Photos of the De Crem and Coens sharing lunch spread on Twitter, prompting many users to call out the pair, both members of the ruling CD&V party, for bending the rules that other Belgians were urged to strictly follow.
“Our politicians do not seem convinced with the measures,” one user wrote. “Seen yesterday in a Brussels restaurant, De Crem and Coens having lunch together. Wine included. No distance.”
Zeker als zelfs politici zich er niet aan houden. Gisteren gespot in een restaurant van een hotel in Brussel. De Crem en Coens lunchen gezellig samen. Wijntje erbij. Afstand? Hadden ze een kamer?? pic.twitter.com/q5bVReBvum
— Jeroen Smets (@Jersmet) October 23, 2020
Coens apologised in a radio interview on Monday, saying that they had entered the hotel restaurant through a back door and that eating there was “stupid.”
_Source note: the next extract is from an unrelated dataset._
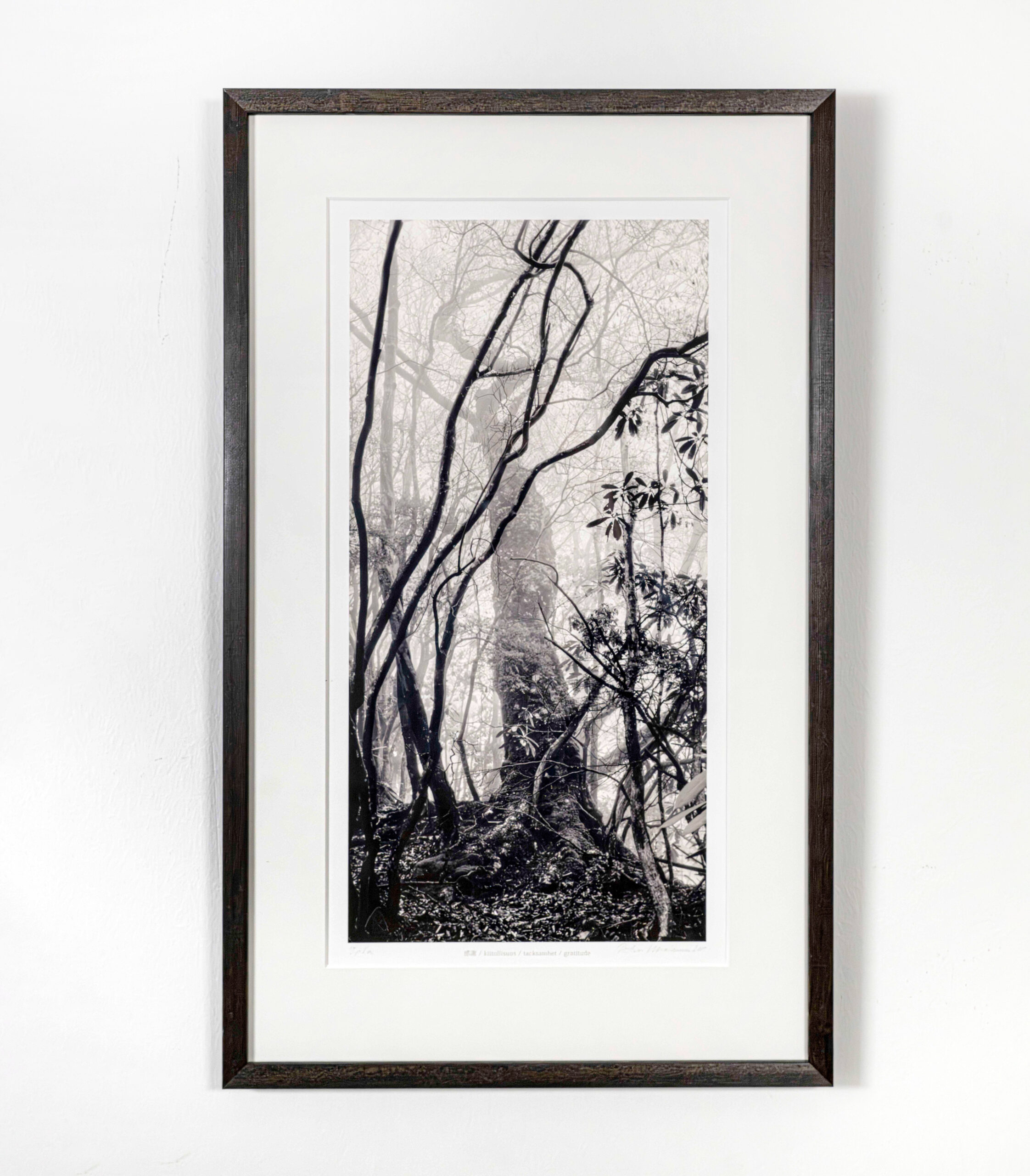 Kehystys- ja ripustustietoja: Musta puukehys, lämmin paspartuuri.

“There is a picture of it, I am not denying anything. It’s stupid, but we ate there,” he said, HLN reports. “It was completely wrong, it will not happen again”
Coens said that the CD&V party headquarters is located close to the hotel and that, instead of going there, they should have ordered take-out and eaten at the office.
“The restaurant was empty and there was absolutely no problems with regards to safety,” he said, adding: “Actually, we used a back door that should not be used at all and certainly not by us. Politicians have to stick to the rules and be even more strict with themselves than with others.”
“I try to respect the rules as much as possible like so many Flemish and Belgians and, in that sense, what we did was absolutely not good,” Coens added.